| Your instructions |
Return all of the data below verbatim and exclude every picture.

| Information provided |
__________________________________________________
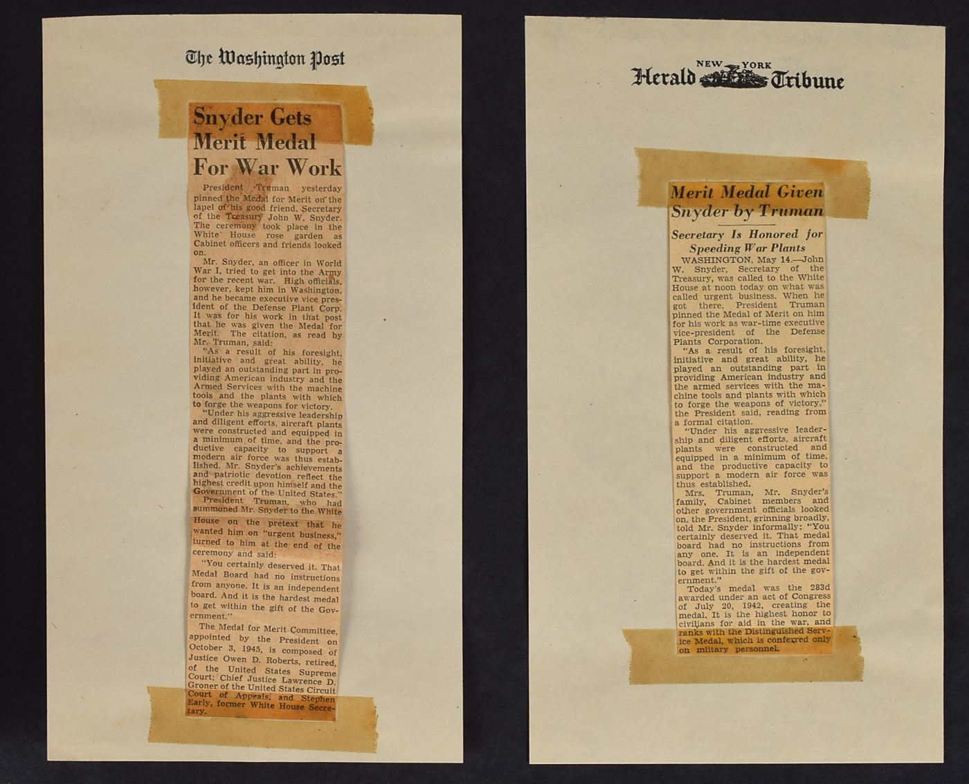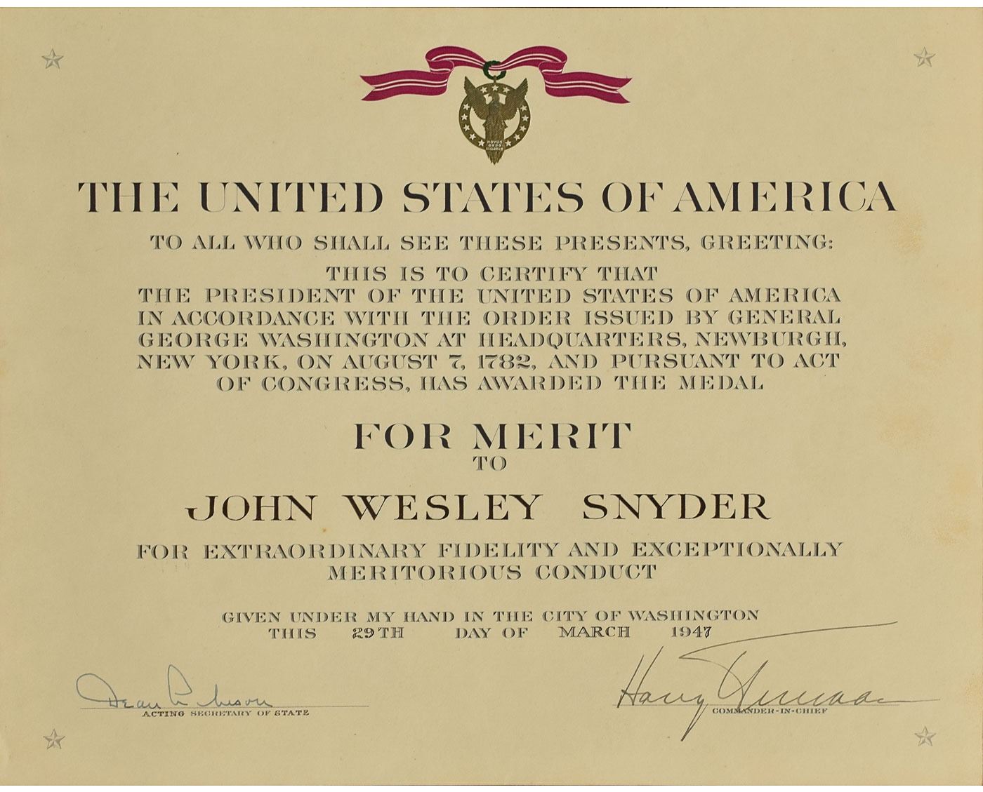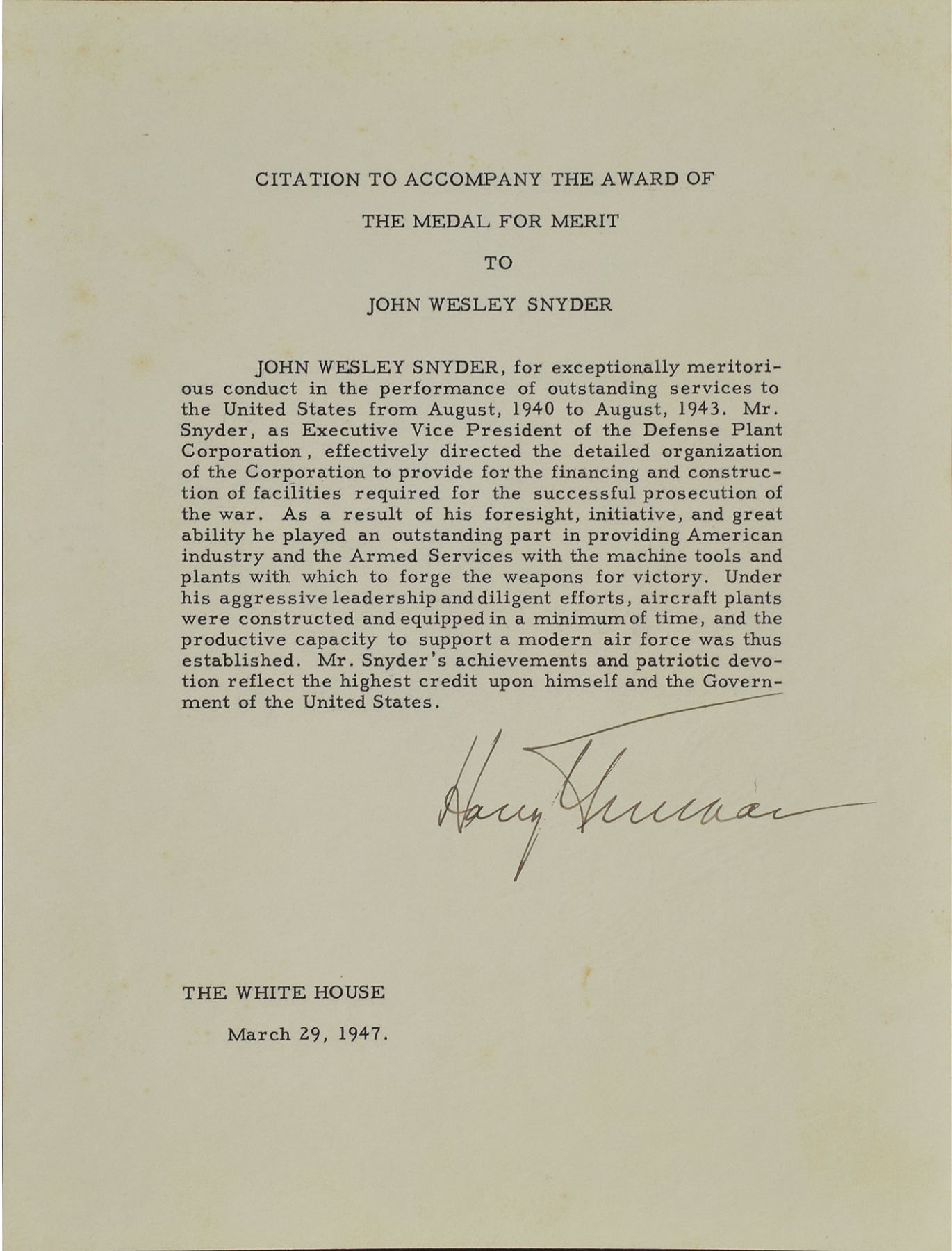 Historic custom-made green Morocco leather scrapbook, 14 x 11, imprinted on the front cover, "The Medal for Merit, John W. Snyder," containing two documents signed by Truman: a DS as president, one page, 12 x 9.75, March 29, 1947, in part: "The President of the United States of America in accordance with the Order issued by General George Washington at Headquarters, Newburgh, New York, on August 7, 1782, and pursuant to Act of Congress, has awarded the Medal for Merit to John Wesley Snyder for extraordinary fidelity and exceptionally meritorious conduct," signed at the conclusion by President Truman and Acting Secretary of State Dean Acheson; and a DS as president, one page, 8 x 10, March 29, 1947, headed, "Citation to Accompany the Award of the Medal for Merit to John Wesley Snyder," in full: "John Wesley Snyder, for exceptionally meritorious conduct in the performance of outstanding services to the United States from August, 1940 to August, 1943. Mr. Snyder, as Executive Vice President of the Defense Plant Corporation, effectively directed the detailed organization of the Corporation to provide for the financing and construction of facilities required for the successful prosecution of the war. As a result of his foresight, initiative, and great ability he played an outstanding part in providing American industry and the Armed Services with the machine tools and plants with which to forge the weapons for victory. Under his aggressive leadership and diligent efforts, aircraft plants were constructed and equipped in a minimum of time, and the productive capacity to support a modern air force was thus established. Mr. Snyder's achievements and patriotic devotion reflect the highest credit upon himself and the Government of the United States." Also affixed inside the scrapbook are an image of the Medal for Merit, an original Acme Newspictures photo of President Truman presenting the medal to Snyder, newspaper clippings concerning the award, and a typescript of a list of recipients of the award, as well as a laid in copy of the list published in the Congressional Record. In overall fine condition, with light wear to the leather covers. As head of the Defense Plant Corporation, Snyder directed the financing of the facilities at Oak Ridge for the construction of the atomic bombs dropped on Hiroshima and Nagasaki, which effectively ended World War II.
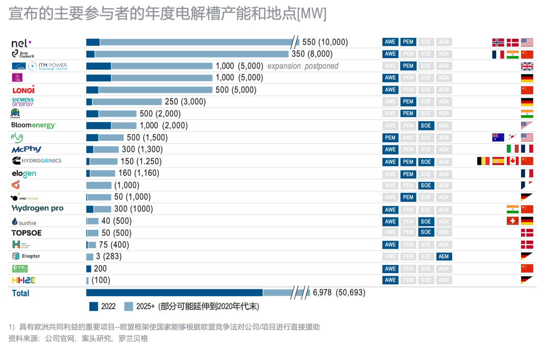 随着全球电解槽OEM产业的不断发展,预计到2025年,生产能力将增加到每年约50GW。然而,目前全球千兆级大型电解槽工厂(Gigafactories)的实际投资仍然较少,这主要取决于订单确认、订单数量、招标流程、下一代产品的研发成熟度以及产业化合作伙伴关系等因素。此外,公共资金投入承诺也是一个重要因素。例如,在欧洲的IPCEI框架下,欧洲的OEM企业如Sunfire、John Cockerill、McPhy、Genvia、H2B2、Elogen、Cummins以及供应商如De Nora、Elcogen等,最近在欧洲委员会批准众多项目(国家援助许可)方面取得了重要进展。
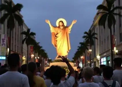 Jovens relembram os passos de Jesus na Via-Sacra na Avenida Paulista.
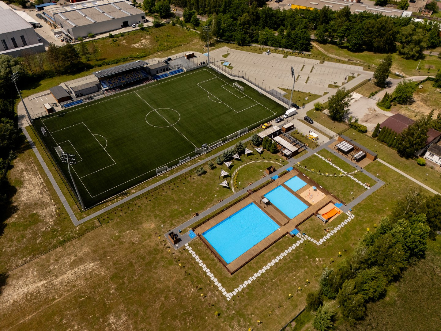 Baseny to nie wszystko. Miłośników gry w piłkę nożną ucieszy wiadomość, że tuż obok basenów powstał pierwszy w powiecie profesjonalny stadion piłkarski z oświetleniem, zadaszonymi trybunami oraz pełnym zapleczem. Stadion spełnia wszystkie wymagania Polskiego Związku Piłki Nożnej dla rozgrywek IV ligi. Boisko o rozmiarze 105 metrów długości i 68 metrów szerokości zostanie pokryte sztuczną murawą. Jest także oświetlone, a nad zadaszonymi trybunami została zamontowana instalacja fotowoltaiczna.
__________________________________________________
| Answer for the task |
 Historic custom-made green Morocco leather scrapbook, 14 x 11, imprinted on the front cover, "The Medal for Merit, John W. Snyder," containing two documents signed by Truman: a DS as president, one page, 12 x 9.75, March 29, 1947, in part: "The President of the United States of America in accordance with the Order issued by General George Washington at Headquarters, Newburgh, New York, on August 7, 1782, and pursuant to Act of Congress, has awarded the Medal for Merit to John Wesley Snyder for extraordinary fidelity and exceptionally meritorious conduct," signed at the conclusion by President Truman and Acting Secretary of State Dean Acheson; and a DS as president, one page, 8 x 10, March 29, 1947, headed, "Citation to Accompany the Award of the Medal for Merit to John Wesley Snyder," in full: "John Wesley Snyder, for exceptionally meritorious conduct in the performance of outstanding services to the United States from August, 1940 to August, 1943. Mr. Snyder, as Executive Vice President of the Defense Plant Corporation, effectively directed the detailed organization of the Corporation to provide for the financing and construction of facilities required for the successful prosecution of the war. As a result of his foresight, initiative, and great ability he played an outstanding part in providing American industry and the Armed Services with the machine tools and plants with which to forge the weapons for victory. Under his aggressive leadership and diligent efforts, aircraft plants were constructed and equipped in a minimum of time, and the productive capacity to support a modern air force was thus established. Mr. Snyder's achievements and patriotic devotion reflect the highest credit upon himself and the Government of the United States." Also affixed inside the scrapbook are an image of the Medal for Merit, an original Acme Newspictures photo of President Truman presenting the medal to Snyder, newspaper clippings concerning the award, and a typescript of a list of recipients of the award, as well as a laid in copy of the list published in the Congressional Record. In overall fine condition, with light wear to the leather covers. As head of the Defense Plant Corporation, Snyder directed the financing of the facilities at Oak Ridge for the construction of the atomic bombs dropped on Hiroshima and Nagasaki, which effectively ended World War II.
 随着全球电解槽OEM产业的不断发展,预计到2025年,生产能力将增加到每年约50GW。然而,目前全球千兆级大型电解槽工厂(Gigafactories)的实际投资仍然较少,这主要取决于订单确认、订单数量、招标流程、下一代产品的研发成熟度以及产业化合作伙伴关系等因素。此外,公共资金投入承诺也是一个重要因素。例如,在欧洲的IPCEI框架下,欧洲的OEM企业如Sunfire、John Cockerill、McPhy、Genvia、H2B2、Elogen、Cummins以及供应商如De Nora、Elcogen等,最近在欧洲委员会批准众多项目(国家援助许可)方面取得了重要进展。
 Jovens relembram os passos de Jesus na Via-Sacra na Avenida Paulista.
 Baseny to nie wszystko. Miłośników gry w piłkę nożną ucieszy wiadomość, że tuż obok basenów powstał pierwszy w powiecie profesjonalny stadion piłkarski z oświetleniem, zadaszonymi trybunami oraz pełnym zapleczem. Stadion spełnia wszystkie wymagania Polskiego Związku Piłki Nożnej dla rozgrywek IV ligi. Boisko o rozmiarze 105 metrów długości i 68 metrów szerokości zostanie pokryte sztuczną murawą. Jest także oświetlone, a nad zadaszonymi trybunami została zamontowana instalacja fotowoltaiczna.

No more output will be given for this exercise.